Up a slope, whining; down a slope, grinding. Traverse a slope, tilting. White and black; black and white. The sheer desolation of the moon. The nihilism of no nature, no life. A dead world. A dead world that could kill you at any moment. Fred could feel that in the vibration of the rover. He heard it in the whine of the motor. He was not happy. It was hard to take deep breaths, it took an effort.
As the sun crept higher, the land began to display shades of gray. The gray slopes were lit not by direct sunlight—those slopes were white—but by reflected sunlight that had bounced off some other hill. Thus shadows were not all the same, and these various grays thereby created a legible articulation of the land, even conveying some information over the horizon, as hills they couldn’t see reflected light onto hillsides they could.
All this was explained to Fred and Qi at lunatic length by Xuanzang, who obviously loved the moon with the kind of passion that only selenologists and prospectors seemed to have for it. This too Xuanzang explained to them: both types of lunatic were on the hunt in search of treasure; it was only the nature of the treasure that differed. And maybe it didn’t differ that much; prospectors were after money, which made them close students of the moon’s information; scientists were after the moon’s information, which if found would turn into a good living for them. So money and information were fungible and kept turning into each other. But in the end it was being on the hunt that mattered.
“There will be a spy satellite over us in about an hour,” Xuanzang mentioned to Qi, interrupting his rhapsody in gray. “Do you want to hide from it?”

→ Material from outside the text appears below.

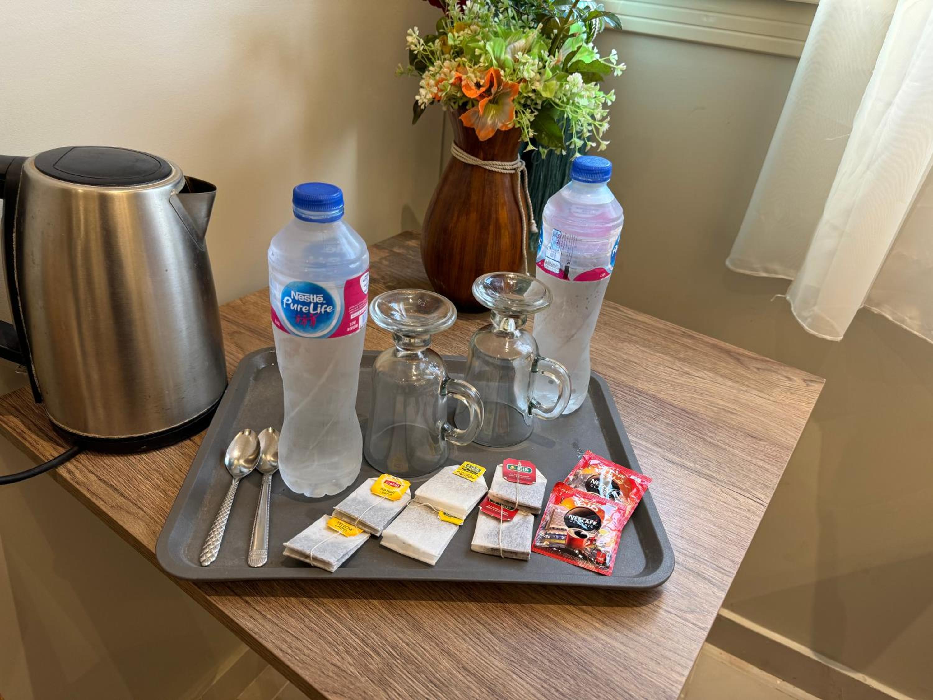 مثل مرافق الشاى والقهوة وزجاجة مياه على الاقل وشبشب للاستحمام
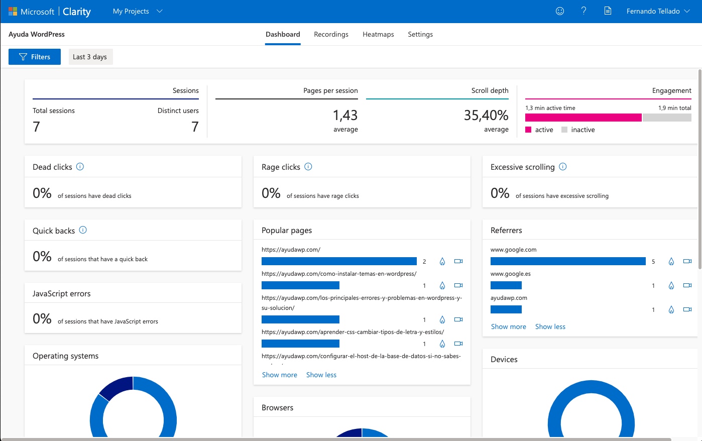 Y ya está, ahora solo te queda esperar a que Microsoft Clarity Analytics recopile datos de tus visitas durante unas horas, o días, para que empiece a mostrarte datos relevantes de cómo tus visitantes utilizan tus páginas.

“Yes, if you can, but how?”
“We’re on a road now, don’t you see the tracks we’re following?”
“Sure, but so what?”
“There are hidey-holes everywhere along this road, shelters we’ve dug. It’s just being cautious, you know. Just little caves to drive into. Can’t be seen from above.”
“You want to hide?”
“From solar storms, yes. If people see us it’s usually okay, because we want to be seen. We’re registered, they see us and know where we are. Could save our ass if we had car trouble. But there are solar storms you want to get out of. And a lot of us feel like it’s also good to be able to hide when you need to. You know how that is.”
“Yes I do,” Qi said. “Okay, hide us if you can. There might be people looking for us.”
“Aren’t there satellites overhead all the time?” Fred asked.
Xuanzang and Ah Q shook their heads. “Coverage is spotty.”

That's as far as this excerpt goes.